Review: Jacob's Ladder

A year or two after its theatrical release in 1990, Vicki and I watched Jacob's Ladder as a video rental. We both came away from that experience with a positive impression of the film, but a decade and a half later, neither of us could've given even a cursory plot description of it. Fortunately, I recently recorded it, and tonight we had our second viewing.

I don't want to spoil the movie for anyone who hasn't seen it - or, like us, doesn't remember it! - so I won't give away the final reveal. Suffice it to say that what's shown in the closing ten minutes or so puts the preceding events in a completely new light... and then does it again! It's the sort of finale that is likely to have you talking, and thinking, about it for awhile afterwards. But even if, for some reason, you weren't able to see the end of the story, you'd still have been quite entertained up to that point.

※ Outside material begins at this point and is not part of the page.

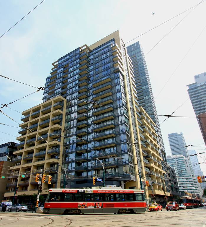 A 1 plus Den, At King and Spadina, The Hudson mirrors the tempo of Metro life. Its working, relaxing, dining and Entertainment. This is how you want to live. The Glukstein design allows for a free uncluttered style in this 758 square feet suite. A Main 3 piece bath with shower works great when you have a guest over. The Den separates you from the rest of the Living quarters. The Kitchen is sleek and functional. The Living space is Modern and airy. The Balcony views the City to the South with floor to ceiling glass and Hunter Douglas shading the morning sun. The Master with its sliding door creates peace from the restliness of the City . The 4 piece ensuite is cool and rejuvenating with light coloured marble and maple textures.This is your key to TO.

Jacob Singer, played by Tim Robbins, seems to be rapidly losing his mind right before our eyes. He's a Vietnam vet whose connection to reality is slipping away with each new bizarre experience he has. From subway stations that are mysteriously locked down - with him inside! - to a Brazil-like scene in a hospital-from-Hell, Jacob's often not sure what's real, and what's not. And of course the viewer is put in exactly the same position! Is he really being hounded by demons, has he wandered into some dark dimension, or is he simply going cuckoo for Coco-Puffs? Finding out the answer turns out to be quite the ride!

Besides reminding me of the aforementioned Terry Gilliam classic from 1985, I also spotted a possible homage to James Whale's Frankenstein - in a chiropractor's office, of all places, as a zany Danny Aiello implores his patient to get up from his adjustment platform and "waaaaalk!" - as well as a shot of a pile of severed arms that has to strike a chord with anyone who's ever seen Apocalypse Now: specifically, Colonel Kurtz's famous description of the village where he and his men had gone to inoculate some children against polio. And I'd be lying if I didn't acknowledge how thrilled I was to see lovely Elizabeth Pena again, who'd later go on to shoot the lights out in Lone Star. And that response wasn't just because of all her nude scenes here, although that sort of thing never hurts!

Oh, and if you're a Macaulay Culkin fan - and who isn't? - he has an uncredited part in the film as Jacob's ill-fated son Gabriel. And even in that small a role, he still manages to grab your heart-strings and show some impressive range! (Hey, I'm only half-joking here!)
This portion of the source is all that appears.